### Dataset extract
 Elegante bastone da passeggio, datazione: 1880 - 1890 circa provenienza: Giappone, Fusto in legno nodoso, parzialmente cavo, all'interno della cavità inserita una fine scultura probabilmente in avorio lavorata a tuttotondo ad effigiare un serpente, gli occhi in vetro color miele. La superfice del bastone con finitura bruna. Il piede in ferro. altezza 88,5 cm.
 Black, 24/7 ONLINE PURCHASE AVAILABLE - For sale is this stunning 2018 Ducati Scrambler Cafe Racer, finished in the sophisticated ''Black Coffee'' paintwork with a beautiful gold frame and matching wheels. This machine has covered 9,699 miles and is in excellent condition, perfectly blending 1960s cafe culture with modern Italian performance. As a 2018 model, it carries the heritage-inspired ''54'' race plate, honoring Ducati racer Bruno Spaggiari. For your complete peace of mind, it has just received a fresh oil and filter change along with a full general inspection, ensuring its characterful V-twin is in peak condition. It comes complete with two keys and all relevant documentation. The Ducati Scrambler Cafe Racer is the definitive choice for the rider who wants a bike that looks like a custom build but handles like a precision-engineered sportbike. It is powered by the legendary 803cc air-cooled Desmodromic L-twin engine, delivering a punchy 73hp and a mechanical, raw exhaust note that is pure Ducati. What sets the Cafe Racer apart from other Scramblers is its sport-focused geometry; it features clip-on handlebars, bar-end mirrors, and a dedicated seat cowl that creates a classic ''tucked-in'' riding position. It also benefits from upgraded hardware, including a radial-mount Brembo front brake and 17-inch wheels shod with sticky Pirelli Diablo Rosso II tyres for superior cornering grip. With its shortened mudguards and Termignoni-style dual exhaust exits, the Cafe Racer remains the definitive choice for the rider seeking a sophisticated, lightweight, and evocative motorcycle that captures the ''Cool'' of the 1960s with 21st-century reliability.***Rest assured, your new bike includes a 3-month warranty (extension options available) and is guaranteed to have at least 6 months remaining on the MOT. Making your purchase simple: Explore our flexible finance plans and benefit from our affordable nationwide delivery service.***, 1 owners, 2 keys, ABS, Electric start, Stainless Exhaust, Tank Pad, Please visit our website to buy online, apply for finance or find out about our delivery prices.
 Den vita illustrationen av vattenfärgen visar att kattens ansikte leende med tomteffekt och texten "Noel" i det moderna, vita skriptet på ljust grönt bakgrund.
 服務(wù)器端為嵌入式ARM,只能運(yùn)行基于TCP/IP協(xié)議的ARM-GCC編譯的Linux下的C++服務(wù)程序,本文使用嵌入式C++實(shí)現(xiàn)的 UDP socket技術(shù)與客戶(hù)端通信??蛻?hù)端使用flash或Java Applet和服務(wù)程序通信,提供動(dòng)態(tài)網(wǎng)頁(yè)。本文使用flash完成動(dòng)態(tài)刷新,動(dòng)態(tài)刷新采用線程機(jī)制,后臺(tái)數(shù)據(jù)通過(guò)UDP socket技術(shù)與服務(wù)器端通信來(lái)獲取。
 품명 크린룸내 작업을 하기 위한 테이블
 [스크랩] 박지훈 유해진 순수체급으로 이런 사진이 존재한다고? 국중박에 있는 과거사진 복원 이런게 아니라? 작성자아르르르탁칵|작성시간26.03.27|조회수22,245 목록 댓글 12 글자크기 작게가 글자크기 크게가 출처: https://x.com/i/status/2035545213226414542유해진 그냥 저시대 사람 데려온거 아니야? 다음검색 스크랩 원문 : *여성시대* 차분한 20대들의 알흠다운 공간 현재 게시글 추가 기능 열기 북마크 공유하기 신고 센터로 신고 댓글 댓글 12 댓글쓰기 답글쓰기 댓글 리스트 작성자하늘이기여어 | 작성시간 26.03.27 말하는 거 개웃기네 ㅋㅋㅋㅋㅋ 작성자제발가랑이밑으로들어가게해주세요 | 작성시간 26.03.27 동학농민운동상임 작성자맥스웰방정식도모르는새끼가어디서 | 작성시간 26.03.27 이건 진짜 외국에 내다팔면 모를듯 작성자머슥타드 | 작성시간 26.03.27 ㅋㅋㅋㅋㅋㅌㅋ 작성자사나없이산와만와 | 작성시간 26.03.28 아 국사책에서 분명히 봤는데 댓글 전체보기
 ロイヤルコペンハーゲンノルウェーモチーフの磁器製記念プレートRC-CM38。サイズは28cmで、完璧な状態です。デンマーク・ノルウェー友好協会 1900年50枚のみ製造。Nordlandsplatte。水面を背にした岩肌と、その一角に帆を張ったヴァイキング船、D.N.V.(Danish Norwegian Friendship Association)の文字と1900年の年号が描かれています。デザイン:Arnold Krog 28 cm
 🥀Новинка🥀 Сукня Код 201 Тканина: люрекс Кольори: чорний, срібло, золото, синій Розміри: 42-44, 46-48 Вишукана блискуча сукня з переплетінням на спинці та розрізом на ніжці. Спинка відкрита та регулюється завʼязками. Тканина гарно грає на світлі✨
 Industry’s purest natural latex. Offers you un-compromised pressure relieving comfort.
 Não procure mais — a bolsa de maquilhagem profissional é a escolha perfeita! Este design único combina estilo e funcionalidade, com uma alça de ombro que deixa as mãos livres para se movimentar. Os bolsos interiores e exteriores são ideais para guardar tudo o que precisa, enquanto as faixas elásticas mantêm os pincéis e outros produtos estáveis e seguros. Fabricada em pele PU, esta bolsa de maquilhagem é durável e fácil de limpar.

### Task directions
Without leaving anything out, repeat the data exactly.

### Exercise response
 Elegante bastone da passeggio, datazione: 1880 - 1890 circa provenienza: Giappone, Fusto in legno nodoso, parzialmente cavo, all'interno della cavità inserita una fine scultura probabilmente in avorio lavorata a tuttotondo ad effigiare un serpente, gli occhi in vetro color miele. La superfice del bastone con finitura bruna. Il piede in ferro. altezza 88,5 cm.
 Black, 24/7 ONLINE PURCHASE AVAILABLE - For sale is this stunning 2018 Ducati Scrambler Cafe Racer, finished in the sophisticated ''Black Coffee'' paintwork with a beautiful gold frame and matching wheels. This machine has covered 9,699 miles and is in excellent condition, perfectly blending 1960s cafe culture with modern Italian performance. As a 2018 model, it carries the heritage-inspired ''54'' race plate, honoring Ducati racer Bruno Spaggiari. For your complete peace of mind, it has just received a fresh oil and filter change along with a full general inspection, ensuring its characterful V-twin is in peak condition. It comes complete with two keys and all relevant documentation. The Ducati Scrambler Cafe Racer is the definitive choice for the rider who wants a bike that looks like a custom build but handles like a precision-engineered sportbike. It is powered by the legendary 803cc air-cooled Desmodromic L-twin engine, delivering a punchy 73hp and a mechanical, raw exhaust note that is pure Ducati. What sets the Cafe Racer apart from other Scramblers is its sport-focused geometry; it features clip-on handlebars, bar-end mirrors, and a dedicated seat cowl that creates a classic ''tucked-in'' riding position. It also benefits from upgraded hardware, including a radial-mount Brembo front brake and 17-inch wheels shod with sticky Pirelli Diablo Rosso II tyres for superior cornering grip. With its shortened mudguards and Termignoni-style dual exhaust exits, the Cafe Racer remains the definitive choice for the rider seeking a sophisticated, lightweight, and evocative motorcycle that captures the ''Cool'' of the 1960s with 21st-century reliability.***Rest assured, your new bike includes a 3-month warranty (extension options available) and is guaranteed to have at least 6 months remaining on the MOT. Making your purchase simple: Explore our flexible finance plans and benefit from our affordable nationwide delivery service.***, 1 owners, 2 keys, ABS, Electric start, Stainless Exhaust, Tank Pad, Please visit our website to buy online, apply for finance or find out about our delivery prices.
 Den vita illustrationen av vattenfärgen visar att kattens ansikte leende med tomteffekt och texten "Noel" i det moderna, vita skriptet på ljust grönt bakgrund.
 服務(wù)器端為嵌入式ARM,只能運(yùn)行基于TCP/IP協(xié)議的ARM-GCC編譯的Linux下的C++服務(wù)程序,本文使用嵌入式C++實(shí)現(xiàn)的 UDP socket技術(shù)與客戶(hù)端通信??蛻?hù)端使用flash或Java Applet和服務(wù)程序通信,提供動(dòng)態(tài)網(wǎng)頁(yè)。本文使用flash完成動(dòng)態(tài)刷新,動(dòng)態(tài)刷新采用線程機(jī)制,后臺(tái)數(shù)據(jù)通過(guò)UDP socket技術(shù)與服務(wù)器端通信來(lái)獲取。
 품명 크린룸내 작업을 하기 위한 테이블
 [스크랩] 박지훈 유해진 순수체급으로 이런 사진이 존재한다고? 국중박에 있는 과거사진 복원 이런게 아니라? 작성자아르르르탁칵|작성시간26.03.27|조회수22,245 목록 댓글 12 글자크기 작게가 글자크기 크게가 출처: https://x.com/i/status/2035545213226414542유해진 그냥 저시대 사람 데려온거 아니야? 다음검색 스크랩 원문 : *여성시대* 차분한 20대들의 알흠다운 공간 현재 게시글 추가 기능 열기 북마크 공유하기 신고 센터로 신고 댓글 댓글 12 댓글쓰기 답글쓰기 댓글 리스트 작성자하늘이기여어 | 작성시간 26.03.27 말하는 거 개웃기네 ㅋㅋㅋㅋㅋ 작성자제발가랑이밑으로들어가게해주세요 | 작성시간 26.03.27 동학농민운동상임 작성자맥스웰방정식도모르는새끼가어디서 | 작성시간 26.03.27 이건 진짜 외국에 내다팔면 모를듯 작성자머슥타드 | 작성시간 26.03.27 ㅋㅋㅋㅋㅋㅌㅋ 작성자사나없이산와만와 | 작성시간 26.03.28 아 국사책에서 분명히 봤는데 댓글 전체보기
 ロイヤルコペンハーゲンノルウェーモチーフの磁器製記念プレートRC-CM38。サイズは28cmで、完璧な状態です。デンマーク・ノルウェー友好協会 1900年50枚のみ製造。Nordlandsplatte。水面を背にした岩肌と、その一角に帆を張ったヴァイキング船、D.N.V.(Danish Norwegian Friendship Association)の文字と1900年の年号が描かれています。デザイン:Arnold Krog 28 cm
 🥀Новинка🥀 Сукня Код 201 Тканина: люрекс Кольори: чорний, срібло, золото, синій Розміри: 42-44, 46-48 Вишукана блискуча сукня з переплетінням на спинці та розрізом на ніжці. Спинка відкрита та регулюється завʼязками. Тканина гарно грає на світлі✨
 Industry’s purest natural latex. Offers you un-compromised pressure relieving comfort.
 Não procure mais — a bolsa de maquilhagem profissional é a escolha perfeita! Este design único combina estilo e funcionalidade, com uma alça de ombro que deixa as mãos livres para se movimentar. Os bolsos interiores e exteriores são ideais para guardar tudo o que precisa, enquanto as faixas elásticas mantêm os pincéis e outros produtos estáveis e seguros. Fabricada em pele PU, esta bolsa de maquilhagem é durável e fácil de limpar.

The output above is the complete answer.